Say what? Korematsu had nothing to do with the 14th Amendment; it involved purely federal action. And the notion that the ruling upholding the internment of the Japanese was “leftist judicial activism” is utter nonsense. Who are more likely to support locking up a racial minority on the specious grounds that they are a threat to national security, liberals or conservatives?
This logically applies to the First Amendment by considering, for example, that until Gitlow, progressives hated the fact that Southern states before the Civil War outlawed pro-abortion literature; many states levied and collect taxes on behalf of state-sponsored churches and religious education; newspapers frequently were prohibited from publishing stories criticizing industry or certain connected political leaders because such speech was deemed seditious and consequently subject to prior restraint; and public protests regarding unpopular people or issues were repeatedly proscribed by state breach of peace laws.
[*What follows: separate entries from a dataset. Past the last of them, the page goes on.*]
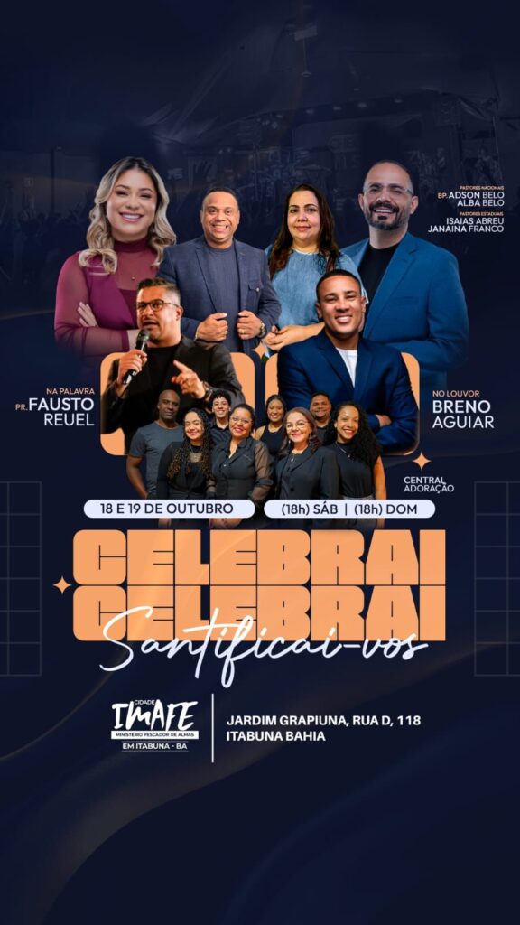 A Igreja Cidade IMAFE, em Itabuna, se prepara para realizar a Conferência Celebrai 2025, que acontecerá neste sábado (18) e domingo (19) de outubro, sempre a partir das 18h30. O evento promete ser um marco espiritual na cidade, reunindo fiéis e visitantes em duas noites de intensa adoração, palavra e comunhão.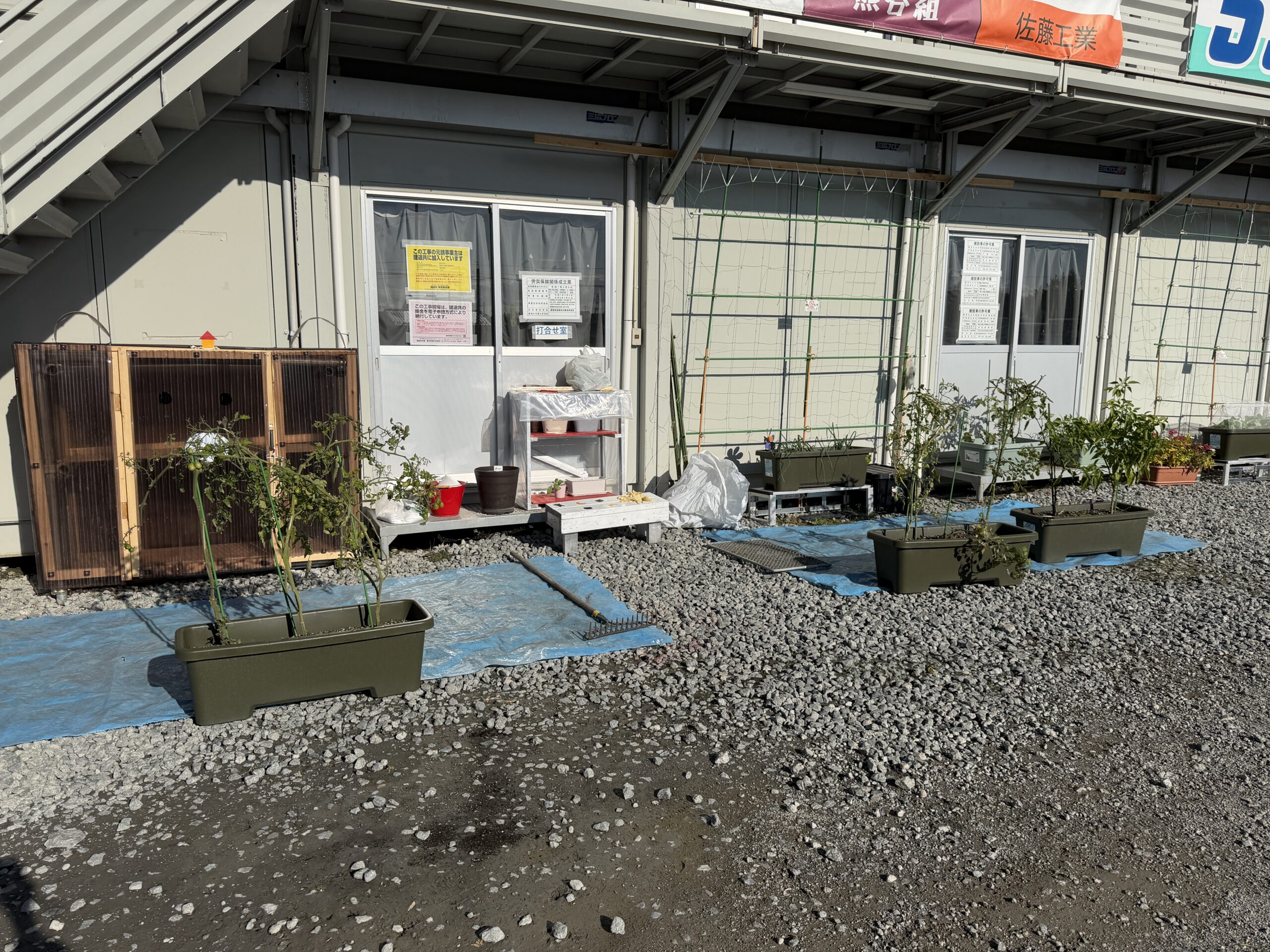 事務所菜園ではプランターを使用している為、収穫し終わった夏野菜の土を再利用しています🌱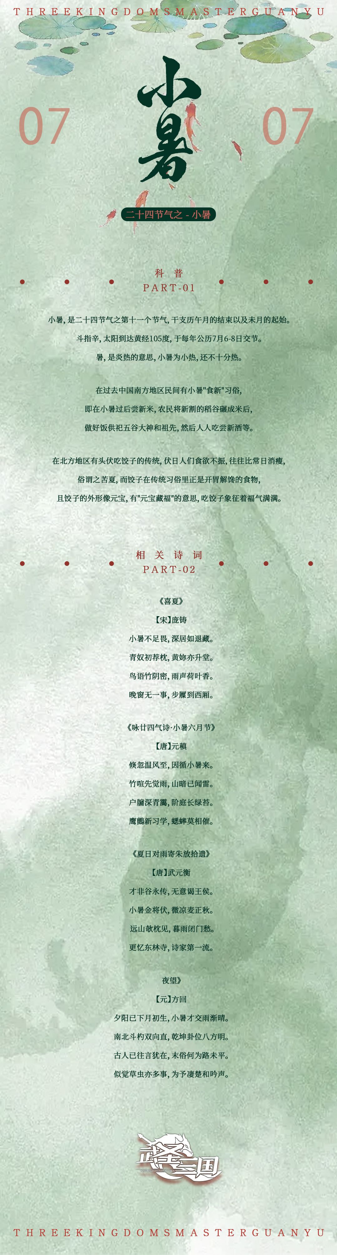小暑,是二十四节气之第十一个节气,干支历午月的结束以及未月的起始。斗指辛,太阳到达黄经105度,于每年公历7月6-8日交节。暑,是炎热的意思,小暑为小热,还不十分热。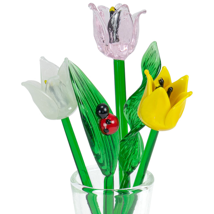 Handcrafted from thin and lightweight yet sturdy borosilicate glass. The flowers are removable from the vase. Comes with a gift box.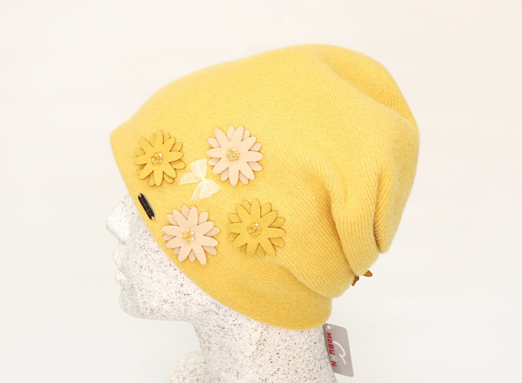 schicke Wollmütze die nach hinten in Falten gelegt ist

Enter Pandora’s box – 40 years after Gitlow, in the 1960s, the Supreme Court began pushing its Darwinian, atheistic, progressive, anti-constitutional agenda and unleashed a nine-man sexual revolution using the incorporation doctrine to pervert the sexual mores of American society first in Griswold v. Connecticut (1965), which was based in part on the right of married couples to make decisions about contraception. Next was Roe v. Wade (1973) (legalized genocide of the pre-born), Lawrence v. Texas (2005) (legalized sodomy) and Hollingsworth v. Perry (2013) (Court will rule in June on whether same-sex marriage is lawful in all 50 states under Equal Protection grounds).
Whiskey tango foxtrot? He admits that the states routinely violated those rights that he claims to believe are inalienable — punishing free speech, forcing people to pay taxes to support churches they do not belong to, censoring newspapers and outlawing public protests — and then claims that preventing that from happening was part of a “Darwinian, atheistic, progressive, anti-constitutional agenda.” This is completely incoherent and contradictory. It’s too stupid to even be wrong.